Viagem pelas ruas da amargura

"As viagens devem ser um instrumento à procura do fantástico,nunca o suporte de uma devoção complacente" - Baptista-Bastos

domingo, janeiro 29, 2006

#12 D.C.

São preocupantes para a Esquerda as notícias que nos chegam hoje da reunião de sábado, em Lisboa, de Manuel Alegre com os seus apoiantes mais próximos.

Em termos práticos, Alegre decide avançar para a formalização do “movimento de cidadania” que, no fundo, suportou toda a sua campanha eleitoral para as Presidenciais e fica de pé um eventual abandono do Parlamento.

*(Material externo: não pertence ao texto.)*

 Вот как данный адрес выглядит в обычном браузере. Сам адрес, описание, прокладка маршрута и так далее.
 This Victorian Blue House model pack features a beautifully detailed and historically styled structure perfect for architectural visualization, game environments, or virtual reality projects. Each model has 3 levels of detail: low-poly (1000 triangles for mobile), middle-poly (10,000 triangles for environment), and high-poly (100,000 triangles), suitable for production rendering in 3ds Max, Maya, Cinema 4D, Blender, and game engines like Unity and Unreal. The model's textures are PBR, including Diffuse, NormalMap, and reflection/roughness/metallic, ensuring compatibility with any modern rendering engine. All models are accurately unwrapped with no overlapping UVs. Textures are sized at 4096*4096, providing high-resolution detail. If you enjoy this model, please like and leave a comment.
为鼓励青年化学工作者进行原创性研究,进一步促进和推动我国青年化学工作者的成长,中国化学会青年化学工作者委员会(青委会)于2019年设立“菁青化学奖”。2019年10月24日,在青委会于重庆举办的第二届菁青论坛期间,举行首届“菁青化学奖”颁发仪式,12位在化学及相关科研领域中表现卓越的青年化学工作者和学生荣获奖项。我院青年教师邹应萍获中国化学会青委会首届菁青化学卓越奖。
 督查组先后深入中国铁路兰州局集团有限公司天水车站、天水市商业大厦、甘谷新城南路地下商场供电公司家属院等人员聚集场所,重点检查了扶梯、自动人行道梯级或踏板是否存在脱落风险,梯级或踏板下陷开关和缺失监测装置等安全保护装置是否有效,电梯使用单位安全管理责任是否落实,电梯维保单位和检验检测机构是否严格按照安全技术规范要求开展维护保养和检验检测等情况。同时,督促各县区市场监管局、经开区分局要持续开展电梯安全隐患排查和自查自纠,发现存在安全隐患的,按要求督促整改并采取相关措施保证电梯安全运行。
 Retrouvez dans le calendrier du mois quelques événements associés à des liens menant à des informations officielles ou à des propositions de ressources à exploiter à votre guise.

A sacralização do “movimento de cidadania” – que, dizem, reflectirá as questões de fundo que nortearam a campanha de Alegre: o combate à corrupção, a desertificação do território, a dignificação da justiça e a igualdade de género, entre outras – acabará por redundar, mais tarde ou mais cedo, num corpo orgânico semelhante ou muito próximo daquilo que é hoje um qualquer partido político. Porque, se assim não for, estreita-se o seu campo de intervenção e dilui-se o peso do milhão de eleitores que escolheu Alegre. Um contrasenso para aqueles que entendem Manuel Alegre como um republicano socialista, antifascista militante, naturalmente enquadrado, ideologicamente e pelo seu próprio percurso, num partido como o PS. E se é verdade que democracia e política não se esgotam no seio dos partidos políticos, não é menos verdade que todas as questões, atrás referidas, cabem, hoje, no debate no seio de qualquer partido, à Esquerda e à Direita.

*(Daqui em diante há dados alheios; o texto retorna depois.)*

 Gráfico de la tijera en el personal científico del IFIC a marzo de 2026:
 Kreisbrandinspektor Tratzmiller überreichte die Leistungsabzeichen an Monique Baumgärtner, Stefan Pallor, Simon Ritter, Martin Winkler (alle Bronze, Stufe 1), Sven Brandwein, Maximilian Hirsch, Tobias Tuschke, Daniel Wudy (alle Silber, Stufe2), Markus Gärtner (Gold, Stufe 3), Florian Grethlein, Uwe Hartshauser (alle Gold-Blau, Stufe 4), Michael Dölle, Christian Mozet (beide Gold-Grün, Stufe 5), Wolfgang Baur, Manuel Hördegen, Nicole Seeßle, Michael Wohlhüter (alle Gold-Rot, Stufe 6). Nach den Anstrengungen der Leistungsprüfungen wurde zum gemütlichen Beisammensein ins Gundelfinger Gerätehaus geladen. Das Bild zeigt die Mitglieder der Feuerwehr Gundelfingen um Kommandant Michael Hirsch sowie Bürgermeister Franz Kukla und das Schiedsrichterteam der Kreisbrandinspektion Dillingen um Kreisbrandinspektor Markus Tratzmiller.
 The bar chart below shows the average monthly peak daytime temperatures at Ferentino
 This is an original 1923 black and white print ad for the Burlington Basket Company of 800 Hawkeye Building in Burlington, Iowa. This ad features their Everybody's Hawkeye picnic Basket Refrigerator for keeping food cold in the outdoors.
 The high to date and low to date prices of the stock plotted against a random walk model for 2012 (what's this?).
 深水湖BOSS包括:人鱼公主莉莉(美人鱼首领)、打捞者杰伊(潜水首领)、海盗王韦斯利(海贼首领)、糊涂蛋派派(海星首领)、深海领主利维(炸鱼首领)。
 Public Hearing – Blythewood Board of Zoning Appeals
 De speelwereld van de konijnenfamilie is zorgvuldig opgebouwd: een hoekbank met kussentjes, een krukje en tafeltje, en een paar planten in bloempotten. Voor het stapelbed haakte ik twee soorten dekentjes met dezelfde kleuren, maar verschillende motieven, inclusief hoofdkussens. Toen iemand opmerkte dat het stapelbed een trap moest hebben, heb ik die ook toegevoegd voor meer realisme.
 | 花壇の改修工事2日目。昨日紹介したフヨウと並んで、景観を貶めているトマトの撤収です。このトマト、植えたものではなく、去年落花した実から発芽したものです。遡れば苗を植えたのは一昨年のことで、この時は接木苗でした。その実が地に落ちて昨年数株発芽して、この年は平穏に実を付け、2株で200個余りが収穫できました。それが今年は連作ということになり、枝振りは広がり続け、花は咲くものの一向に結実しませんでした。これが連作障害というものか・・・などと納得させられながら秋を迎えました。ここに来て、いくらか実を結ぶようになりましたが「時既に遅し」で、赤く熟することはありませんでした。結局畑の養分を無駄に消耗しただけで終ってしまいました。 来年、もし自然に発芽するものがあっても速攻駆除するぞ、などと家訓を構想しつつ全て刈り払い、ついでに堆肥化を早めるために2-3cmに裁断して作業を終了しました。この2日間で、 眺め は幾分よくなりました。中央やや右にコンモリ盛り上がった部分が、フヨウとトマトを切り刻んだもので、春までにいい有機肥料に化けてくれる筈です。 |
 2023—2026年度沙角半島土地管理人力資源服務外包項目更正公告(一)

Quanto ao hipotético abandono da Assembleia da República, as hesitações de Alegre são, afinal, o reflexo de quem, acabadinho de conquistar 20% do eleitorado, não sabe, ao certo, o que fazer com a representatividade política que lhe foi conferida. Apesar dessa mesma representatividade se ter esgotado na noite de 22 de Janeiro.

E aqui Alegre parece num beco sem saída, à frente de um movimento que ou deriva para um novo partido (com todas as consequências que isso implica) ou se esgotará rapidamente a si próprio, e na iminência de deixar um Parlamento um lugar que é seu, por direito. Manuel Alegre parece não saber o que fazer.

Depois do BE assumir que o resultado de Francisco Louçã ficou aquém das expectativas e que a Esquerda saiu, inegavelmente, derrotada, depois do PCP responsabilizar o PS e Manuel Alegre pela vitória de Cavaco Silva à primeira volta, e depois de José Sócrates ter esticado até ao Outono a discussão interna sobre as Presidenciais (enquanto avalia o posicionamento de Manuel Alegre...), a Esquerda só pode, pois, ficar preocupada.

Há um longo caminho de debate político, é certo. Mas, aparentemente, o desnorte é grande.